June 2010 | David Newman, Jey Han Lau, Karl Grieser, and Timothy Baldwin
This paper introduces the task of topic coherence evaluation, where a set of words generated by a topic model is rated for coherence or interpretability. Various topic scoring models are applied, using resources like WordNet, Wikipedia, and Google search engine, as well as existing research on lexical similarity/relatedness. Comparing with human scores for learned topics over two datasets, a simple co-occurrence measure based on pointwise mutual information over Wikipedia data achieves results at or near the level of inter-annotator correlation, while other Wikipedia-based methods also show strong results. Google produces strong but less consistent results, while WordNet-based methods show patchy results.
The paper explores intrinsic evaluation of topics, which is typically overlooked in computational linguistics. Topics are evaluated based on their coherence to humans, using news articles and books. Models are proposed to predict topic coherence using resources like WordNet, Wikipedia, and Google. The results show remarkable inter-annotator agreement on what constitutes a coherent topic, with Wikipedia-based methods achieving nearly perfect agreement with humans.

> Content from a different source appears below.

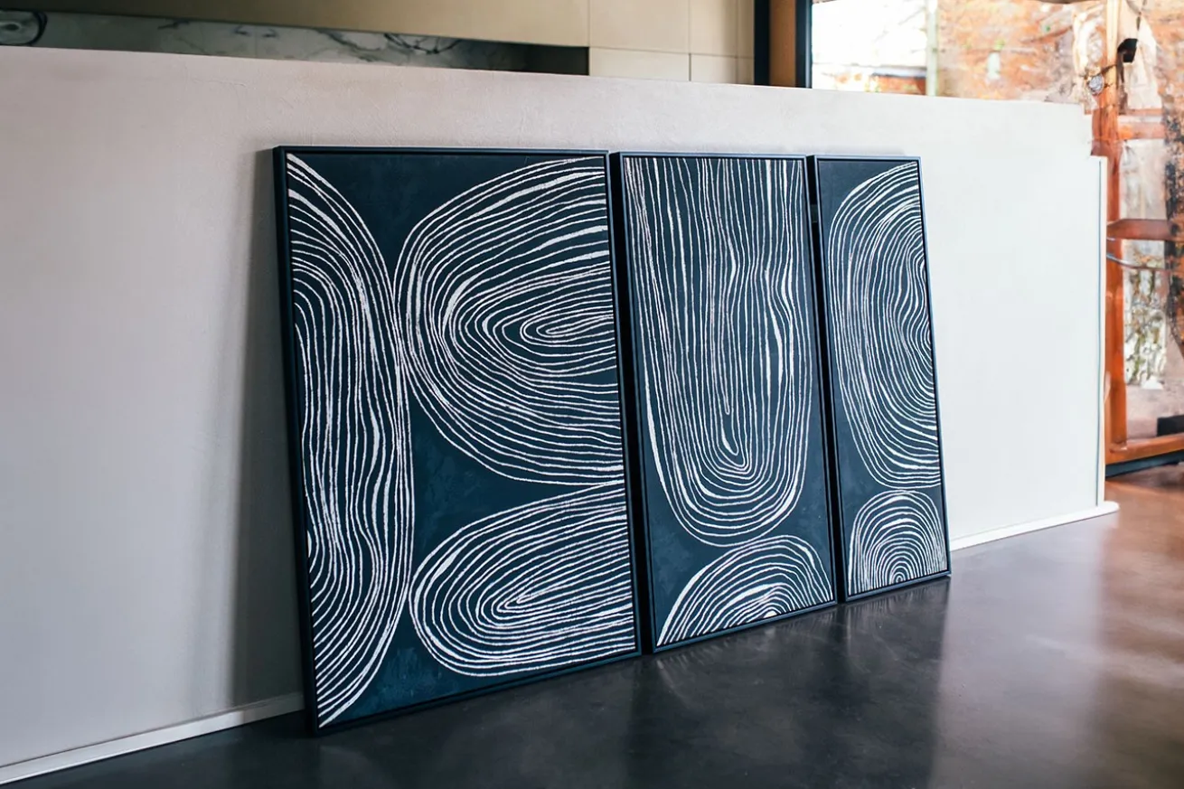 Der Holzrahmen setzt nicht nur das Kunstwerk perfekt in Szene, sondern verleiht dem Gesamtbild auch einen Hauch von Natürlichkeit. Die Kombination aus den organischen Texturen des Holzrahmens und der abstrakten Ölmalerei schafft eine ausgewogene Mischung aus Eleganz und Kunst.

The research is part of a larger agenda on the utility of topic modeling in document collection visualization and search interfaces. Evaluating topic coherence is part of understanding what makes good topics and how topic modeling can be used for human consumption.

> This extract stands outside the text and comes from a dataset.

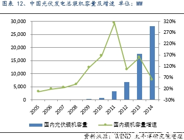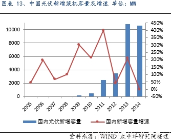 隨著歐美雙反的塵埃落定,受政策引導和市場驅動等因素共同作用,2013年我國光伏行業出現回暖的跡象,新增光伏發電并網裝機11.8GW,2014年新增光伏發電裝機容量10.6GW,2015年光伏前三季度新增裝機10.5GW,同比增長177%,全年將完成新增裝機17.8-20.0GW,預計“十三五規劃”將設定2016-2020年均裝機目標20GW以上,到2020年光伏發電總裝機容量將達到150GW,按照1MW組件需要結構膠粘劑1.5噸計算,光伏行業對粘膠劑的年需求為30,000噸。

The paper compares different methods for evaluating topic coherence, including WordNet-based similarity measures, Wikipedia-based methods, and Google-based methods. The best-performing method is term co-occurrence based on pointwise mutual information from Wikipedia, which achieves results close to inter-annotator agreement. Google performs well on one dataset but poorly on another. WordNet-based methods show lower performance overall.
The paper concludes that topic coherence evaluation is computationally feasible and that word-pair co-occurrence is effective at modeling topic coherence. Wikipedia is the most consistent resource for topic scoring, followed by PMI and other methods. The results suggest that Wikipedia's encyclopedic nature provides good coverage over both domains, making it more robust. WordNet-based methods show mixed results, with some methods performing poorly. The paper also notes that there is no clear answer on whether the mean or median is the best method for combining pairwise scores.This paper introduces the task of topic coherence evaluation, where a set of words generated by a topic model is rated for coherence or interpretability. Various topic scoring models are applied, using resources like WordNet, Wikipedia, and Google search engine, as well as existing research on lexical similarity/relatedness. Comparing with human scores for learned topics over two datasets, a simple co-occurrence measure based on pointwise mutual information over Wikipedia data achieves results at or near the level of inter-annotator correlation, while other Wikipedia-based methods also show strong results. Google produces strong but less consistent results, while WordNet-based methods show patchy results.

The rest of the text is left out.